And corresponding to this eigenvalue, lambda 0, we can define an eigenvector v, which has elements that are all positive as well. And this lambda 0 eigenvalue, the largest one, is alone in terms of, all other eigenvalues are smaller in magnitude. And this result turns out to be very useful in working with positive matrices.

The notes here go through the proof of that. I guess they’re included here, if we wanted to get into technical proofs of linear algebra. And I don’t want to do that. Let’s see. I finished these notes with just some mention of different news sources that you should consider exploring in finance. Well, there’s Yahoo Finance, which is where we can easily collect price data.

But you should know that the Wall Street Journal is-- you can get a free subscription with that through your Kerberos password-- or ID, rather. So that’s very useful. And then there are a number of other sites that you may find useful.

Now, let’s see. In our very first lecture, I indicated how we could use RStudio to collect data, plot time series of different stocks or other assets. And in this lecture 2, I distributed this workspace, which has R scripts and output for looking at portfolios of stocks and considering equal-weighted portfolios with different components in the equal weights.
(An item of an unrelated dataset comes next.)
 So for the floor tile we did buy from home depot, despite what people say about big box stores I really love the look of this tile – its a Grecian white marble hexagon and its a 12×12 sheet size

And so if you go to the Rstudio Cloud project-- so with RStudio Cloud, or maybe it’s Cloud Rstudio, one can upload different R programs in this project. And so has anyone in the class yet used RStudio Cloud for any of the examples? I’d like everyone to at least be capable of doing that. And I’d like proof that it actually works with students doing it. So it would be great for some of you to consider that.

What’s nice about this environment is that I can give you an R program. And it should run just by saying Run. You don’t have to install anything. And with this output, there was one program called Script_SP500. And there’s a table of contents for this R script, which says it loads libraries, then collects stock prices, and then saves the workspace. So the commands are all very simple in here.

And then, with the Equal Weighted Portfolios script, it actually loads libraries and loads the data set of stock prices that was just downloaded in the other program. And it loads the data in. Then, in processing the data, I- consider investing a portfolio by equally weighting allocations to different stocks in the S&P 500 index.

And so, if one does this, these simple R commands create the value of such a portfolio, where, in fact, as indicated here, it’s investing $1,000 at the beginning of 2019. And as an alternative to just equally weighting across the S&P 500 stocks, I looked at the Amazon, Apple, NVIDIA-- or no, Netflix and Google. These were actually the really hot stocks about four or five years ago. And basically, look at equal weighting of all these. And so here’s how the investment, equal weighted at the beginning of the period, resulted towards the end.

So there are some interesting features one can see. If one happened to be good at identifying stocks to invest in, you can do much better than the average S&P 500. There can be greater risk by investing in a smaller number of stocks because you’re not so diversified. And so you can see how the red graph of values decreases rather dramatically at some points in the time period.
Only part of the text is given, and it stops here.